Farage is a man who saw the floundering self-destruction of human pustule Nick Griffin and the BNP and thought to himself, “Ah, I see where they’re going wrong!” I don’t believe that Farage is a racist for a second. I don’t believe that Farage would care less if Romanians moved in next door. I highly doubt he believes there’s any “immigration crisis”, since he – like every other politician – knows there isn’t one. Farage is something far more creepy and frightening – he’s a man who’s spotted that he can use racism, fear and bigotry to his advantage.
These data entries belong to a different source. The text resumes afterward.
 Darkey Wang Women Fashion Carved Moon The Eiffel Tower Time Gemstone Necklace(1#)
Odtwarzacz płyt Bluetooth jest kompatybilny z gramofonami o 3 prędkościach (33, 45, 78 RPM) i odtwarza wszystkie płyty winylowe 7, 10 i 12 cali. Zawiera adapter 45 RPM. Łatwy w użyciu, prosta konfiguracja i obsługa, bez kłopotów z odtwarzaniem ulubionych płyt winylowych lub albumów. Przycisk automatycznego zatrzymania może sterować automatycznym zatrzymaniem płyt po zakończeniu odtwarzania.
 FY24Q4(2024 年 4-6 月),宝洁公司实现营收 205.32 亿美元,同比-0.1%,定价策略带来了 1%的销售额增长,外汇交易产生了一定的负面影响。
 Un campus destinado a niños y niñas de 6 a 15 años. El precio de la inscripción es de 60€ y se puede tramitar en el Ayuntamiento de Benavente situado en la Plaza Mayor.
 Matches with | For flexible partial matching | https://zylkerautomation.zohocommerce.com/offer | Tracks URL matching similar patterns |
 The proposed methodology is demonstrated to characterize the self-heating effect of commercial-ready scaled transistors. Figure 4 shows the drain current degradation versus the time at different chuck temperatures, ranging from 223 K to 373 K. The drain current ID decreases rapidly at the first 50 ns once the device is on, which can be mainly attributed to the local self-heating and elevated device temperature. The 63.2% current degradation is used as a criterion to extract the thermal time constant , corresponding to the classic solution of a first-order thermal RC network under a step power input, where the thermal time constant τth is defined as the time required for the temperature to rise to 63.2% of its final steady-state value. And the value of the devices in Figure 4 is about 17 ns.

He has realised that there is enough stupidity and spite amongst the British public that he can leverage it for power and money. His own life and behaviour demonstrates there is no ideology behind his actions – instead just a cold, calculated, cynical manipulation of the most vulnerable, or the most unpleasant. He spotted a way to convert ignorance into power. He’s crafted a party that is racist and bigoted, as a means to an end.
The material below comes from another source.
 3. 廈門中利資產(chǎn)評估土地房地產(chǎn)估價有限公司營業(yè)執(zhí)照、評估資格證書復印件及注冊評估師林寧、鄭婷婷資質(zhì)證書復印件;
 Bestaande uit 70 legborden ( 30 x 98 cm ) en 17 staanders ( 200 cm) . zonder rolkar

The fear of recognising that large numbers of people are ignorant is perhaps the largest inhibitor of our rationalising and responding to Farage and UKIP, and their significant success in the European elections. The press do not go near it, either for fear of insulting their readership or appearing elitist and out of touch. Let alone recognising bigots as bigots. In the build up to the elections, I frequently saw reporters interviewing people on the streets regarding their reasons for voting UKIP, who invariably began with “I’m not racist, but…”, and then went on to say something horrendously ignorant and racist, based in fear and hate. And then rather than reacting to this, or acknowledging it as such, or questioning the claims, reporters would turn back to the camera and say, “And that’s the message we’re hearing on the streets today. Back to you in the studio.” Wildly stupid comments, based on parroting whatever idiocy had been written on the front page of that day’s Daily Express, about how “all the…” people of one nationality or another were stealing our wives, or eating our jobs. Instead, like the businesses they obviously are and need to be, the various press organisations rushed to attempt to accommodate these views, appeal to them, and sell their products.
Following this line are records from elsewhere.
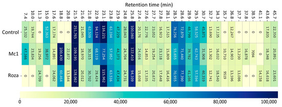 Heatmap (Figure 4) of average peak intensities of VOCs across the combined dataset shows variations in VOCs emission profiles between control, Mc1 inoculated, and Roza inoculated SB22 plants. In general, VOC peaks at 21.5, 23.1, and 25.9 RTs showed the highest peak intensities across the samples, although the differences were not statistically significant.
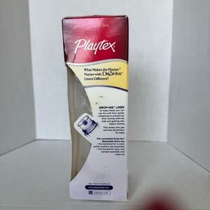 New in box Playtex Nurser Bottle with Drop-Ins Liners. Contains one 8-10oz bottle with Naturalatch silicone nipple and 5 pre-sterilized drip-ins liners. Size 3 months+ and medium flow. Uniquely designed to reduce colic. Convenient disposable liner collapses to keep air out of the milk. The angled position promotes semi-upright feeding.
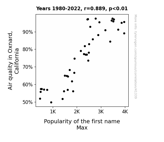 This means 79.1% of the change in the one variable (i.e., Popularity of the first name Max) is predictable based on the change in the other (i.e., Air quality in Oxnard, California) over the 43 years from 1980 through 2022.
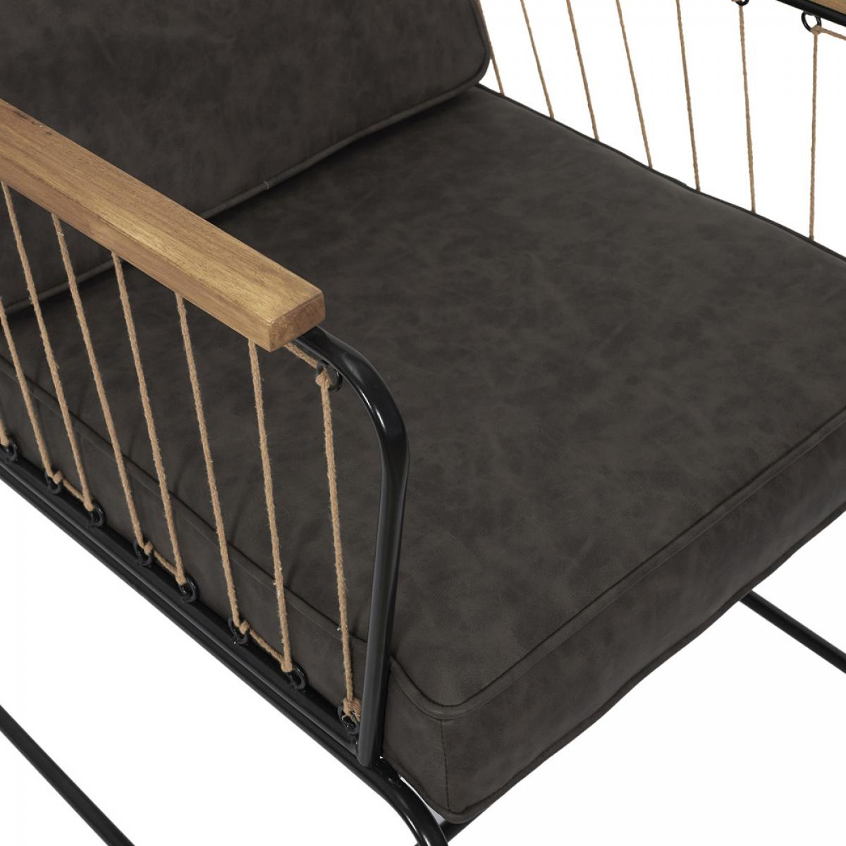 BUTACA BENSON Original butaca de estilo industrial que combina tela, metal, madera y cuerda. Comodidad con tacto suave. Soporta un peso máximo de 110 kg Altura del asiento: 43 cm Medidas: 63x73 cm; h.79 cm
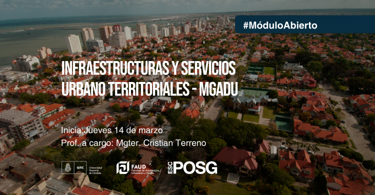 La Escuela de Posgrado informa que se encuentran disponibles las inscripciones para el módulo abierto “Infraestructuras, y servicios urbano-territoriales” de la Maestría en Gestión Ambiental del Desarrollo Urbano - MGADU.
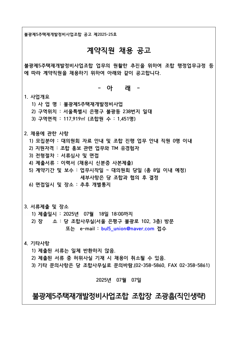 추진위원회/조합명 : 불광제5 주택재개발정비사업 조합

The reality is, an enormous number of people are ignorant, and more seriously, determinedly unwilling to learn. This fuels bigotry, and bigotry fuels extremism. Tell someone who is willing to consider, research and investigate information that Romanians are stealing their jobs and jobless Bulgarians are living in platinum mansions paid for by their personal tax alone, and they’ll discover neither is true. Tell someone who is wilfully ignorant, or unequipped to learn, and this will rationalise that which they do not like, and develop bigotry.

Why did lots of people vote for UKIP, despite their not representing any of their policies or claims by their actions, and despite their being a party populated by so, so many open and overt bigots? Because lots of people are ignorant and/or bigoted.

Does that mean ignorant people should be condemned as humans? Goodness, what a surprise – no. Does that mean people should be dismissed, hated, discounted? No! It means we can recognise the failings of society and the educational infrastructure, and begin to address the issues. If your roses have greenfly, and you pretend they don’t, the roses get eaten and harmed. These ignorant or bigoted people (possibly including me) are the roses. If we recognise that education is failing people, and that bigoted tropes are endemic in people’s lives, then we can begin to help protect everyone from these infestations, help people to bloom. Pretend otherwise, and society gets blighted. Join the greenflies’ side, and crap, we’re in big, big trouble.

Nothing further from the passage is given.